My only dying hope is that humanity at least produced a tiny, minuscule amount of odd ones. People that possess fighting spirit. So the new human race will start out humble and definitely less bold than the disastrous, havoc-wreaking one before it.

As I die, the outbreak of riots tickle my fingertips.


Part 2:

The old died first, their deaths long out-run. Dodging death is a rather cowardly, crudely interesting game to play, if I might say so. It has no rules.

The horrid manor of their late demises was unimaginable; even if we had been used to the concept of our own immortality being a lie, we would still have be horrified. The first day of their withdrawal from the cure was simply age catching up to them. Their years caught up excessively; they aged, unendingly. After the first day it was terrifyingly grotesque. Their hearts and minds were kept mercilessly alive as their bodies rotted. Perhaps, after their nerves gave way, it was just a numb sensation. But for us, the young, it continuously twisted our pampered intestines into unforgivingly painful knots. Then an angry Death, perhaps, ceased their punishment for hiding from him, and what was left of them dissolved.

The people of the colonies, who were only immune to unheard-of diseases because of the cure, were wiped out almost immediately, as well. As were the deformed.

In less than a month, the young were the only ones who even stood a sliver of a chance. Many of us had no idea of our age until such a time; many of us were slaughtered in pointless riots, thinking that we, too, were old and needed the cure to live.

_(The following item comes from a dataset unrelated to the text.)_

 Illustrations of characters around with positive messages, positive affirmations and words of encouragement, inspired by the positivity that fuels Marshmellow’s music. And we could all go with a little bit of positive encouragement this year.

I know now that I am about twenty years of age. I made up a name for myself; the original slipped my fragile, traumatized mind. I am Zoline.

My irises are a dark shade of gold, my hair the color of blood and flames. I saw that color in the riots. It was a strangely magnificent color, highlighted by the dying sunshine's red rays. When I blocked out the shrieks, I enjoyed it.

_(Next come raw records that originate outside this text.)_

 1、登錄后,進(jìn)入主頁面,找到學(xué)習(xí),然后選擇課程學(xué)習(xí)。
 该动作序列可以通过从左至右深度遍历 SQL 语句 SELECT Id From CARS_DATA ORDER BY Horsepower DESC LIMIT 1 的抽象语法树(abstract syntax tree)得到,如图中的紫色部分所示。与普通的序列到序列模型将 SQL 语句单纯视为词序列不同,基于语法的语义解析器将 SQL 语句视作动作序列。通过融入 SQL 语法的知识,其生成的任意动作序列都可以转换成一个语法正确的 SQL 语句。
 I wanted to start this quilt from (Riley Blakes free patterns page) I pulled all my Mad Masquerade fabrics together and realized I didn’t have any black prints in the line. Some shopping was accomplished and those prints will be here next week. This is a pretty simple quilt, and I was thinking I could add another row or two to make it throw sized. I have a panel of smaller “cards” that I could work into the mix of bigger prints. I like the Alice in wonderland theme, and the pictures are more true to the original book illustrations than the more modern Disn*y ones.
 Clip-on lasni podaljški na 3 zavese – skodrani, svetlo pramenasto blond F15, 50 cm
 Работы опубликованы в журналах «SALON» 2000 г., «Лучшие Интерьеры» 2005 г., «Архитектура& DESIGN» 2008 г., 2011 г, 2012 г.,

Standing in the city, I watch those same rays die again. How odd to think we were once more powerful than the blazing, ever repetitive sun. It now dictates us. The world around me is ashes and skyscrapers, abandoned vehicles and debris, that all appear to be on fire in the warm colors of a late summer afternoon.

Silence echoes through the huge, empty halls of a city designed as a palace. I think it was a frivolous attempt to out-glorify the Home of the Gods, Mount Olympus. Its failure is both amusing and humiliating.

Eyes are everywhere, thinking themselves unseen. Carefully monitoring, as if we are the victims and the villain will appear out of a shadow. Humanity did the deed. Even I, a forgetful spawn of an idiotic, careless race, can accept that. We are our own victims, to put it shortly.

A twitching, blinded world fearfully surrenders to night as I curl myself into a ashen, crumbling wreck of a building. What they called "Lady Liberty", a crumbling figure of metal, stays upright in a sparkling field of water. She seems to comfort a gentler, more childish world. She will stay awake and watch for that awful demon we fear.


Part 3:

A year is 365 lives of the sun. 365 times I've been blessed to watch the sun extend ghostly limbs towards a frail world as they both descend into darkness.

Food is swift to find as life has been swift to die. A boundless amount of preserved, genetically engineered food lasts even longer when there are few left to eat it. As the sun submits to night in the late evening, there are no more eyes in the shadows. The city is essentially a graveyard.

Sometimes I spend an amaranthine amount of time in the now starlit night speaking. Perhaps I speak to Lady Liberty. Sound is so alien to hear. Even my voice carries the distinct ring of a fading echo from miles away.

I wake to a blistering heat. A year ago there were voices whispering, but the owners of them have been long silent. I despise sitting here uselessly, waiting for death. How strange to demand what I once hated.

Pulling myself up, to the screaming protest of my overworked limbs, I glance at Lady Liberty. I never looked at her in the daylight before.

Soon I am beside her. Her colossal height seems to mock my insignificance. So I climb her rickety sides.

And as I fall, I wonder why anyone ever hated death enough to kill it. Humanity was always a doomed race. Humanity was definitely, definitely not meant to be immortal. The next race of our kind? It will be the same.